If we are talking about the economy, the last two or three years have been a time when hitherto unheard of stories began coming out of North Korea with ever greater frequency. Indeed, from late 2012, the North Korean government began to quietly implement reform policies highly reminiscent of what China did back in the late 1970s. Such reformist policies largely centred around two important documents, namely, the so-called ‘June 28th Instructions’ of 2012 and the so-called ‘May 30th Measures’ of 2014.
The most important part of these sets of policies was a far reaching change to North Korea’s incentive mechanism in agriculture. The ‘June 28th Instructions’ envisioned that farmers would be permitted to work in family-based teams and allowed to retain 30% of the harvest. As economists often say, incentives work, and sometimes even work wonders. Working under the new system, North Korean farmers have produced more food than at any time in the last 25 years, bringing the country quite close to the goal of food self-sufficiency.
The ‘May 30th Measures’ were even more ambitious in their scope. The measures allowed factory managers to buy industrial supplies and produce at market, while also being permitted to sell what their factories were to produce to whomsoever they pleased. They were also given the right to hire and fire personnel at will, as well as setting wages at levels they choose. This system was first implemented in early 2013 in some experimental enterprises. Such enterprises were easy to spot because workers there were paid what can be described as exorbitant wages by North Korean standards. Musan Iron Mine, for instance, being one such experimental enterprise, pays its workers 300,000-400,000 won a month (roughly 100 times what workers would get paid under the old system).
Slowdown but no reversal
The ‘May 30th Measures’ envisioned that the new system would be expanded to include all North Korean enterprises, but this is not what has happened. Reports emanating from North Korea in the last two months leave little doubt that the expected transformation has at best been postponed, at worst, cancelled entirely. Right now, only a minority of North Korean industrial enterprises have been allowed to implement the new model.

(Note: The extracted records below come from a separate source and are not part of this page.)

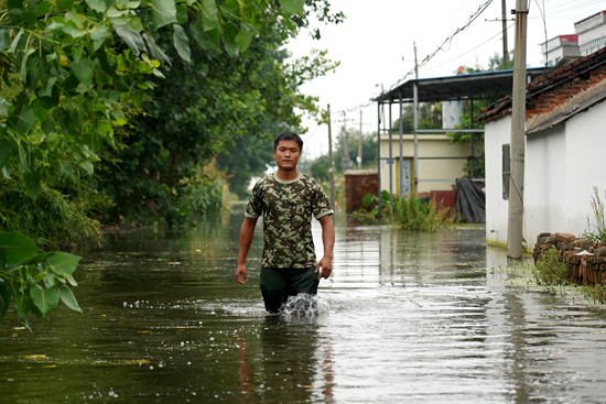今年27歲的張恒是江西省九江市柴桑區(qū)新洲人。2011年,張恒應(yīng)征入伍,后被抽調(diào)到天安門國旗護(hù)衛(wèi)隊。退伍后,考慮到父親身患?xì)埣?,母親身體也不好,張恒選擇回鄉(xiāng)務(wù)農(nóng),照料父母。受今年洪水影響,張恒承包的60畝地受損嚴(yán)重。他并沒有因此消沉,積極同父親一起投身到防汛抗洪戰(zhàn)斗中。圖為張恒結(jié)束巡查工作后蹚水回家。新華社記者 周密/攝
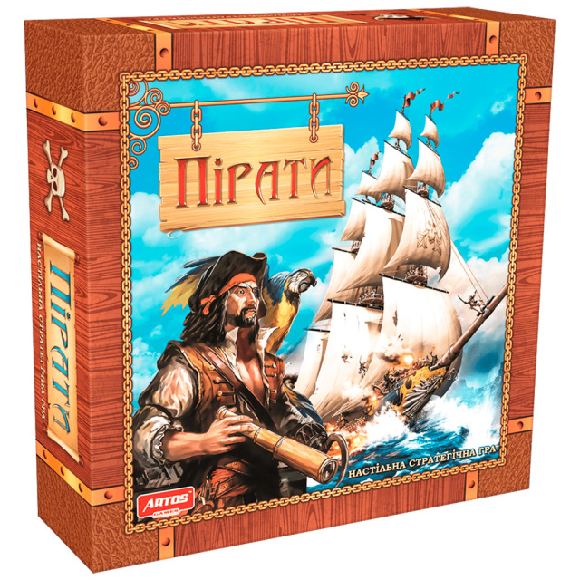 Artos Games Пираты 20826 – настольная стратегическая игра. События игры происходят на поле, разбитом на клетки. Фишки Пиратских кораблей перемещаются этими ячейками, по горизонтали и по вертикали. При этом Пиратские корабли заходят на острова Сокровищ, чтобы их ограбить; на острова Улучшений, чтобы улучшить характеристики своего корабля; в Пиратские бухты, чтобы отремонтировать свой корабль, а также проводят бои между собой и с Торговыми и Военными кораблями. В результате этих боев игроки набирают и теряют очки Славы. Также очки Славы достаются игрокам на островах Сокровищ. Цель игры – набрать 40 очков Славы. Победитель игры – участник, который первым наберет 40 очков Славы. Игра позволит проявить свои умственные способности, стратегическое и логическое мышление. Динамический ход событий удерживает участников в напряжении до конца игры. Каждый игрок должен рассчитывать свои действия на несколько ходов вперед. Все это позволит вам весело и с азартом провести время.
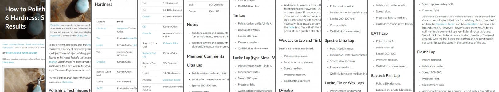 Polishing feldspar, fluorite, apatite, or other gems in the 4-6 hardness range? Our IGS member survey results can recommend some techniques and supplies.
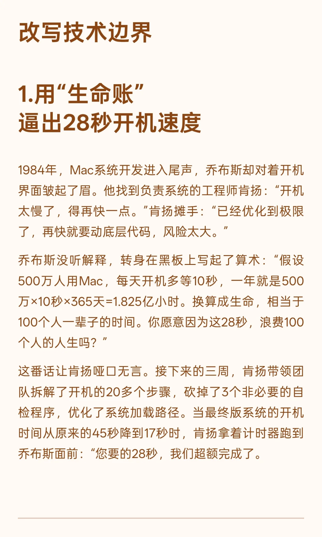 乔布斯没听解释,转身在黑板上写起了算术:“假设500万人用Mac,每天开机多等10秒,一年就是500万×10秒×365天=1.825亿小时。换算成生命,相当于100个人一辈子的时间。你愿意因为这28秒,浪费100个人的人生吗?”
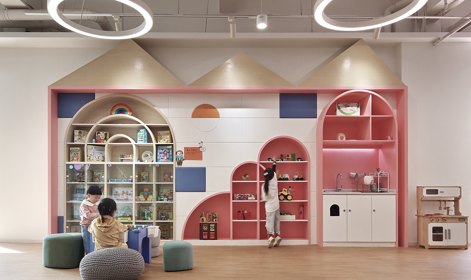 以“城堡”的概念設計桌游區,有趣的柜子收納好玩的玩具,吸引孩子的注意力,引導孩子游戲,讓家長能暫時抽身放心地到近鄰休息或者商談合作事宜。

What happened? Frankly, it is unlikely we will receive a definite answer to this question any time soon. Of course, it is quite possible that Kim Jong Un suddenly changed his mind and decided to stop reformist activities that he found to be politically dangerous and ideologically suspicious. It is also possible that the reforms faced determined opposition from conservative members of the bureaucracy and military. Last, but not least, it is also possible that North Korean leaders have come to understand the problems that such reforms would face without prior and proper changes to the financial system.
Whatever the reasons, it is clear that the North Korean government has decided to slow down the reform process. At the same time, there has as yet been no reversal.

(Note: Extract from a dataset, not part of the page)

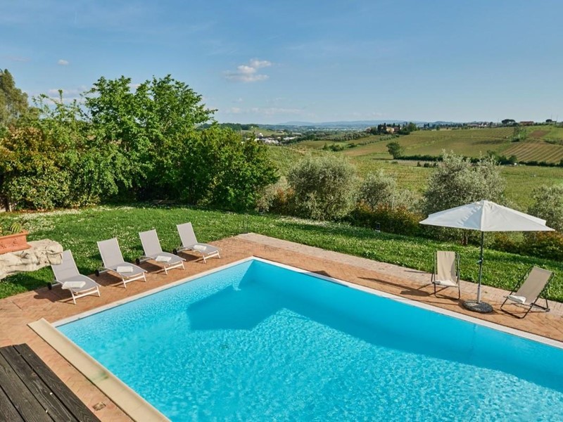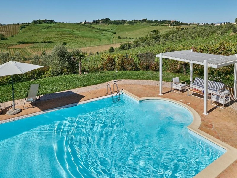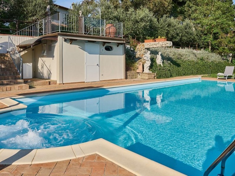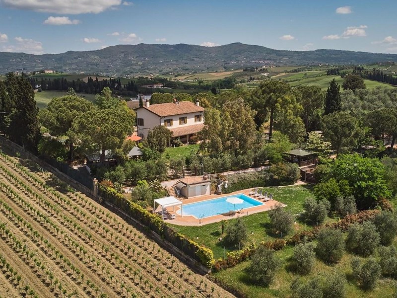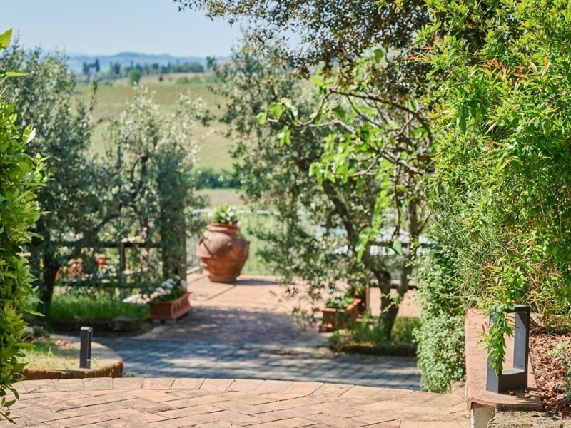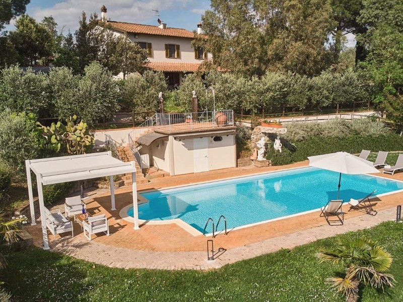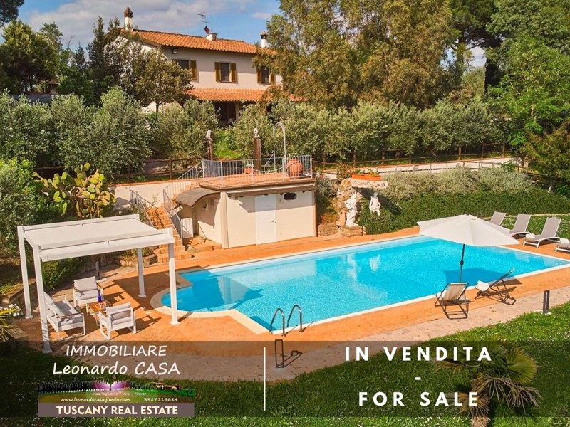 CERRETO GUIDI - VINCI collinare, sulle splendide colline di Leonardo da Vinci, in bellissima zona verde e molto panoramica, con assoluta privacy, bellissimo CASALE LIBERO SU 4 LATI con piscina, il tutto all'interno di un ampio giardino, terreno con uliveto e laghetto privato.
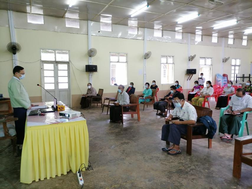 အဆိုပါအစည်းအဝေးတွင် မြို့နယ်စီမံအုပ်ချုပ်ရေးအဖွဲ့ဥက္ကဋ္ဌ ၊မြို့နယ်အုပ်ချုပ်ရေးမှူး၊ ဦးမိုးဆန်းထွန်းက ယခု ကိုဗစ်-၁၉ ရောဂါ ကူးစက်မှုနှုန်း မြင့်မားနေသည့် ကာလဖြစ်သည့် အတွက် တစ်ဖက်ကလည်း ကာကွယ်ဆေး ထိုးနှံသည့် လုပ်ငန်းကို ဦးစားပေး အနေနဲ့ ဆောင်ရွက်ရမည်ဖြစ်ပါကြောင်း၊ ထို့ကြောင့် ကာကွယ်ဆေး ထိုးသင့်သူများ ကာကွယ်ဆေး ထိုးခွင့်ရရှိစေရေး အတွက် စာရင်းကောက် ယူရေးလုပ်ငန်းသည်လည်း အရေးကြီးသည့် အတွက် အားလုံး ပူးပေါင်းဆောင်ရွက်စေလိုပါကြောင်း၊ အသက်(၆၅)နှစ်အထက်ကို ပထမဦး စားပေးစာရင်း ကောက်ယူသွားမည်ဖြစ် ပြီး၊အစိုးရပုဂ္ဂလိကကျန်းမာရေး ဝန်ထမ်းများ၊ Volunteerများ၊ဘိုးဘွားရိပ်သာများ၊ဘုန်းကြီးကျောင်းနှင့် သီလရှင်ကျောင်းများ၊ နိုင်ငံ့ ဝန်ထမ်းများ၊ ပုဂ္ဂလိက ဘဏ်ဝန်ထမ်းများ၊စက်ရုံ၊အလုပ်ရုံ အလုပ်သမားများ၊ ၊တည်းခိုခန်း များ၊အကျဉ်းသား အချုပ်သားများ၊ပို့ဆောင်ရေးလုပ်သားများ၊ဈေးရောင်းသူများ ၊ပြည်သူလူ ထုများ ကို ထိုးနှံပေးသွားမည်ဖြစ်ကြောင်းပြောကြားသည်။

One can only hope that the North Korean government will not spend too much time in such oscillations between reformism and conservativism. Time is running out for Kim Jong Un, and this is largely because of popular political psychology.
Kim Jong Un, contrary to what many might believe, is quite popular in North Korea. According to many inside and outside the country, the ordinary North Koreans have pinned their hopes on Kim Jong Un for improving their lot. If he wants to succeed, he should not waste the potential that such popular support gives him. Many changes are potentially controversial and painful, and popularity can help smooth the process.
However, reservoirs of good will are depleted unless leaders live up to expectations. Painful reforms need to be implemented quickly, if he waits too long such reforms could prove to be dangerous.
Unlike his father and grandfather, Kim Jong Un cannot afford to ignore the popular will. His father and grandfather had a great deal of control over society and they could always count on the North Korean people’s docility and obedience. However, the surveillance network is not what it was twenty years ago. People are increasingly aware about how poor their country is and how prosperous China and South Korea are. They can also make a living outside government structures, making them potentially less easy to control.
Thus, in such circumstances, it is crucial that Kim Jong Un does not waste time. Let us hope that reforms will get back on track because they may otherwise be grave for Kim Jong Un and the North Korean people alike.